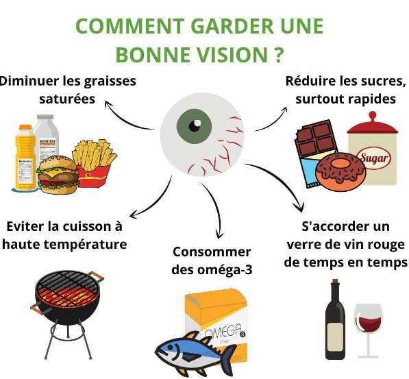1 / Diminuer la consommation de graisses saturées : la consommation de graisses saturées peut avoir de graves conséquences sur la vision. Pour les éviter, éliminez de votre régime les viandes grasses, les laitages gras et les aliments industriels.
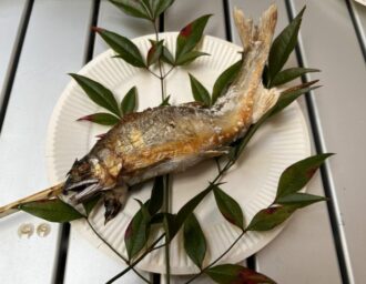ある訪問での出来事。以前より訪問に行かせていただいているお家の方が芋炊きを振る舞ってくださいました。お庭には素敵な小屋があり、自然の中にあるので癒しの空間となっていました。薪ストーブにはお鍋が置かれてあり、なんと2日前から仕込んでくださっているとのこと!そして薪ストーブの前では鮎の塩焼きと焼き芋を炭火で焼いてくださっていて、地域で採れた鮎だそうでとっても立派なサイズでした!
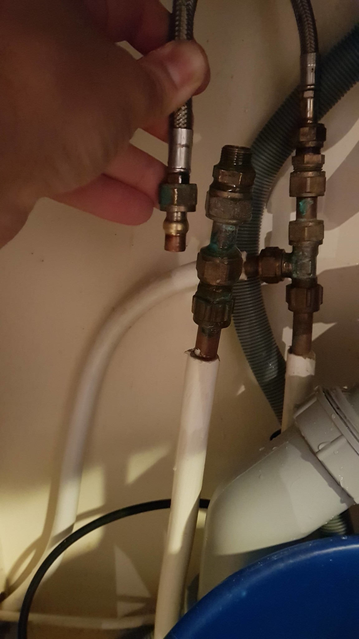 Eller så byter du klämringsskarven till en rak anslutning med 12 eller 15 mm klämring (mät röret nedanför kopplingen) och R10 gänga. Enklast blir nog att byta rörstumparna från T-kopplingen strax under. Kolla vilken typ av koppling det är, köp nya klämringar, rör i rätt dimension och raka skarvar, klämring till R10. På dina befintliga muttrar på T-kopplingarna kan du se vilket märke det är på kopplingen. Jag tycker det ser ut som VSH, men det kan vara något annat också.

════════════════

* Exercise goal
Only the lines from where the data begins to the line with "ある訪問での出来事。以前より", both of them included, should be reproduced word for word; no pictures.

* Exercise solution
1 / Diminuer la consommation de graisses saturées : la consommation de graisses saturées peut avoir de graves conséquences sur la vision. Pour les éviter, éliminez de votre régime les viandes grasses, les laitages gras et les aliments industriels.
ある訪問での出来事。以前より訪問に行かせていただいているお家の方が芋炊きを振る舞ってくださいました。お庭には素敵な小屋があり、自然の中にあるので癒しの空間となっていました。薪ストーブにはお鍋が置かれてあり、なんと2日前から仕込んでくださっているとのこと!そして薪ストーブの前では鮎の塩焼きと焼き芋を炭火で焼いてくださっていて、地域で採れた鮎だそうでとっても立派なサイズでした!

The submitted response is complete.